__Raw data__:
___

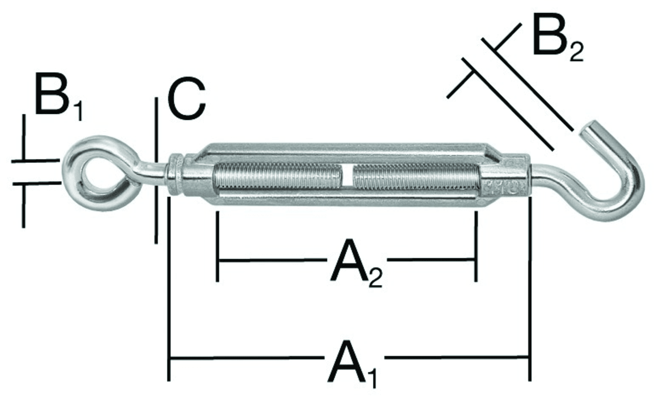 Spannschloss• Schloss aus verzinktem Stahl • Ausgestattet mit Haken und Öse • Verzinkt • SB-Karte a 2 Stück
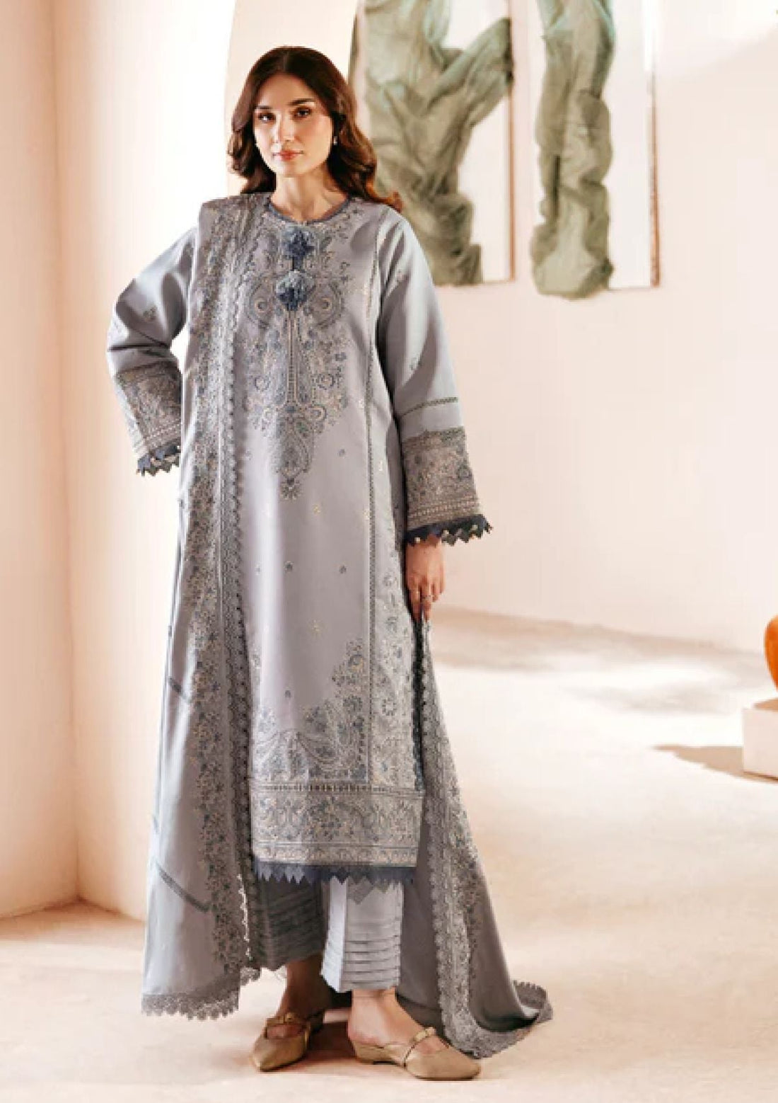 Outfit Type: Eastern Style: Long Shirt Color Type: Grey Package Includes: 3 Piece Top ,...
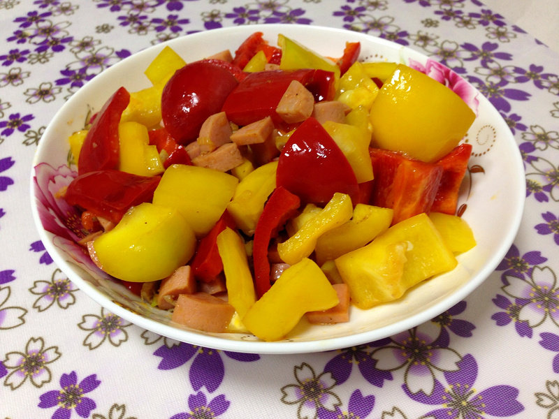 火腿片8片;红彩椒半个;黄彩椒半个;绿辣椒一个;
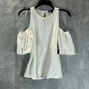 INC INTERNATIONAL CONCEPTS Women's Washed White Cold-Shoulder Balloon Sleeve Top SZ M

___

__Exercise aim__: Would you restate word for word only the lines from the line with "火腿片8片;红彩椒半个;黄彩椒半个;绿辣椒一个;" to the last line above, with the pictures left out?

__Written response__:
 火腿片8片;红彩椒半个;黄彩椒半个;绿辣椒一个;
 INC INTERNATIONAL CONCEPTS Women's Washed White Cold-Shoulder Balloon Sleeve Top SZ M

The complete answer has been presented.